MBS RECAP: Europe Trumps Mixed-to-Strong Payrolls Data


I’ve seen today’s jobs report referred to as both stronger and weaker in several ways.  At worst, it was “mixed,” and generally erred on the stronger side.  

The two biggest things going for the data were the positive revisions and the wage growth.  Headline NFP may have missed by 24k, but revisions added back 44k payrolls over the past 2 months.  Wage growth was forecast to rise from 0.2 to 0.3 percent.  Instead it rose to 0.4 percent and the previous reading was revised up to 0.3 percent.  Finally, U-6 unemployment (the number people like to use as an eye-opener to the “true” unemployment rate) fell 0.2 percent to 9.5, the lowest level since mid-2008.

All of the above serves to offset the headline miss, as well as some of the more detail-oriented contentions like the demographic distribution of the wage growth number (after all, it’s no mystery that the recovery has been better for higher earners, even though it sucks on a pragmatic level).  Bonds agreed at first, weakening to session highs in the minutes following the report.
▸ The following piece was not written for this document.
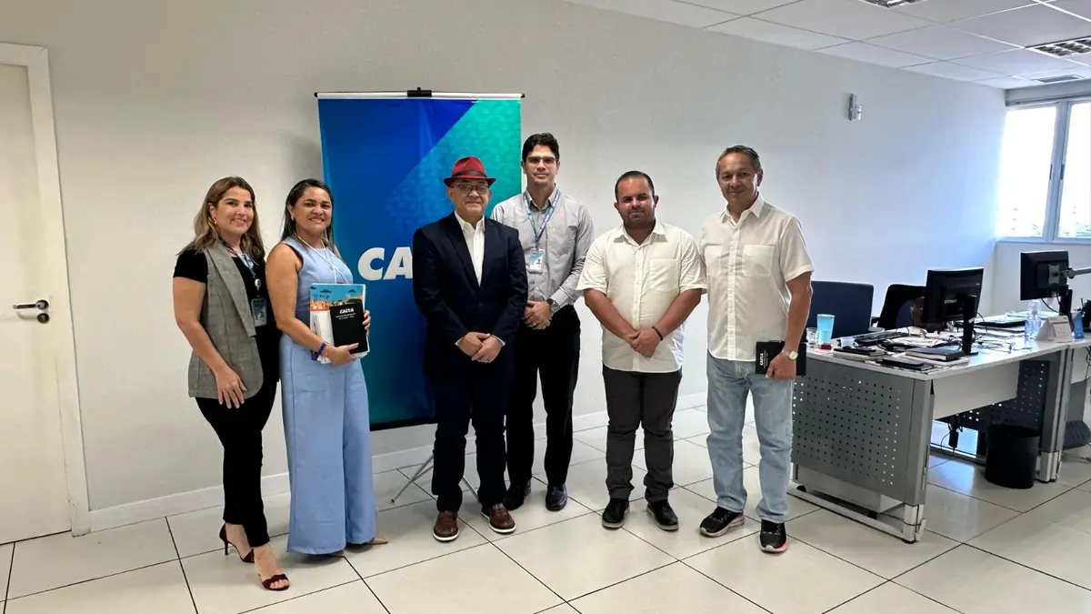A reunião teve como foco a busca por parcerias e recursos para fortalecer a realização do eventoO prefeito Abdoral Melo esteve na Caixa Econômica Federal ao lado dos secretários de Cultura, Douglas Farias, e de Educação, Simone Magalhães, além do assessor Carlos Roberto, para dialogar com Leo Torres Lima e Giselle Fonsêca, da Superintendência Executiva de Governo.
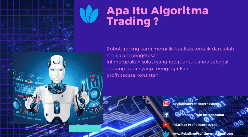 Keunggulan menggunakan algoritma trading adalah anda akan mendapatkan profit yang lebih pasti, terhindar dari keterlibatan emosi, terhindar dari sikap serakah dan terhindar dari rasa takut akan kehilangan modal. Algoritma Trading akan menempatkan semua proses dalam metode otomatis dan trader tidak perlu menempatkan order secara manual. Semua sudah terprogram dan waktu yang akan mengeksekusi dengan sistem yang mampu mengidentifikasi peluang yang muncul lalu otomatis membuka posisi jika setup yang muncul sesuai kriteria. Dalam hal tingkat transaksi, algoritma trading sering menggunakan teknologi perdagangan yang memiliki frekuensi tinggi dan memungkinkan anda untuk membuat puluhan ribu transaksi per detik karena otomatisasinya algoritma trading membuat pasar lebih likuid dan proses trading menjadi lebih sistematis dengan tidak meninggalkan dampak emosi pada manusia saat aktivitas trading. Kami PT. Pelatihan Profit Internasional yang merupakan perusahaan bergerak di bidang Edukasi Trading yang Legal dan Resmi di Indonesia, menyediakan Jasa Pembuatan Robot Trading (Expert Advisor). Robot trading otomatis dengan fitur-fitur canggih di dalamnya, akan dapat membantu anda untuk trading secara otomatis. Robot trading kami di buat langsung oleh programer handal yang telah banyak membuat robot untuk trader-trader di Indonesia bahkan sampai trader Luar Negeri. Robot trading kami memiliki kualitas terbaik dan telah menjalani pengetesan. Ini merupakan solusi yang tepat untuk anda sebagai seorang trader yang menginginkan profit secara konsisten.

But European bond markets had other ideas, and European bond markets are easily a bigger consideration than anything but the most outrageous domestic economic data.  Europe went on two runs toward lower yields,  with the 2nd one ending just before 10am.  Treasuries followed both times and punched out for the day shortly thereafter (i.e. US bond markets drifted sideways in a narrow range without ever contemplating a breakout).  10yr yields ended 3.2bps lower on the day and Fannie 3.0 MBS gained an eighth of a point.